European Journal of Nuclear Medicine and Molecular Imaging ( IF 9.1 ) Pub Date : 2024-02-08 , DOI: 10.1007/s00259-024-06626-9 Lifang Liu , Jiawei Zhong , Ziqi Zhang , Xiaoting Ye , Xinlu Wang , Shaoyu Liu , Zhanwen Zhang
Purpose
Fibroblast-activated protein (FAP) is highly expressed in cancer-associated fibroblasts (CAFs) of many solid cancers, but low or absent in normal tissues. Our study aimed to develop a novel FAP-specific tracer, namely [18F]FAP-2286, and evaluated its performance in comparison with well-established agents such as [18F]FAPI-42 and [68Ga]Ga-FAP-2286 in preclinical research, as well as 2-[18F]FDG in pilot clinical study.
Methods
[18F]FAP-2286 was manually synthesized in accordance with Good Manufacturing Practice (GMP). Subsequent investigations encompassed cell uptake, competitive binding affinity, internalization and efflux assays using HT-1080hFAP cell lines. PET imaging and biodistribution studies were conducted in HEK-293ThFAP, A549hFAP, HT-1080hFAP tumor-bearing mice as well as HEK-293T, A549 and HT-1080 control groups. Furthermore, clinical evaluation of [18F]FAP-2286 was performed in fifteen patients with various cancers compared to 2-[18F]FDG PET.
Results
The radiolabeling yield of [18F]FAP-2286 was 30.53 ± 5.20%, with a radiochemical purity exceeding 97%. In cell assays, [18F]FAP-2286 showed specific uptake, high internalization fraction and low cellular efflux. Rapid tumor uptake and satisfactory tumor retention was observed on micro-PET imaging and cancer patients. Meanwhile, the clinical research demonstrated that [18F]FAP-2286 may represent an alternative for low glucose-metabolism malignant tumors PET imaging such as gastric cancers.
Conclusion
[18F]FAP-2286 showed superior imaging quality including rapid and high target uptake and satisfactory retention in both tumor-bearing mice and cancer patients.
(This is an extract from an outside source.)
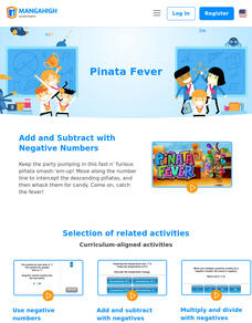 A fast paced game where students add and subtract positive and negative integers quickly so they can smash a pinata. Three levels of play, and instructional help is available as they progress.
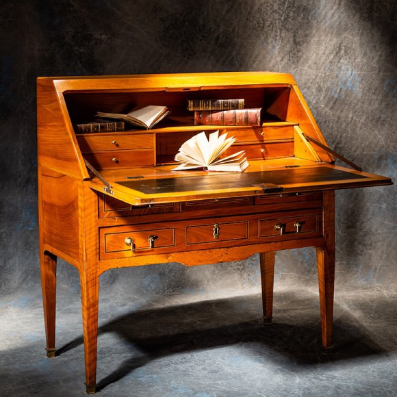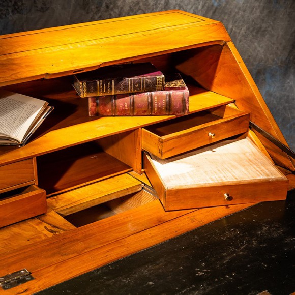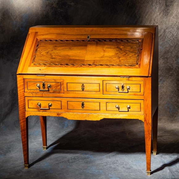 Sobre et habillé d'une belle patine blonde, ce secrétaire aux dimensions très logeables trouvera sa place dans tout type d'intérieur. Noyer et marqueterie d’érable. Alsace - Epoque début XIX ème .

It may emerge as a promising candidate for early or delayed phase imaging and 2-[18F]FDG non-avid cancers PET scan.
中文翻译:
[18F]FAP-2286的临床前研究和首次人体成像,以及与2-[18F]FDG PET/CT在各种癌症患者中的比较
目的
成纤维细胞激活蛋白(FAP)在许多实体癌的癌症相关成纤维细胞(CAF)中高表达,但在正常组织中低表达或不表达。我们的研究旨在开发一种新型 FAP 特异性示踪剂,即 [ 18 F]FAP-2286,并与 [ 18 F]FAPI-42 和 [ 68 Ga]Ga-FAP-等成熟药物相比评估其性能。第2286章 临床前研究,以及2-[ 18 F]FDG的试点临床研究。
方法
[ 18 F]FAP-2286是根据良好生产规范(GMP)手动合成的。随后的研究包括使用 HT-1080hFAP 细胞系进行细胞摄取、竞争性结合亲和力、内化和外排测定。在 HEK-293ThFAP、A549hFAP、HT-1080hFAP 荷瘤小鼠以及 HEK-293T、A549 和 HT-1080 对照组中进行 PET 成像和生物分布研究。此外,与 2-[ 18 F]FDG PET 相比,对 15 名患有各种癌症的患者进行了 [ 18 F]FAP-2286 的临床评估。
结果
[ 18 F]FAP-2286的放射性标记产率为30.53±5.20%,放射化学纯度超过97%。在细胞测定中,[ 18 F]FAP-2286 显示出特异性摄取、高内化分数和低细胞流出。在微型 PET 成像和癌症患者中观察到快速的肿瘤摄取和令人满意的肿瘤保留。同时,临床研究表明,[ 18 F]FAP-2286可能成为胃癌等低糖代谢恶性肿瘤PET成像的替代方案。
结论
[ 18 F]FAP-2286 在荷瘤小鼠和癌症患者中显示出卓越的成像质量,包括快速且高的靶标摄取和令人满意的保留。它可能成为早期或延迟阶段成像和 2-[ 18 F]FDG 非活跃癌症 PET 扫描的有前途的候选者。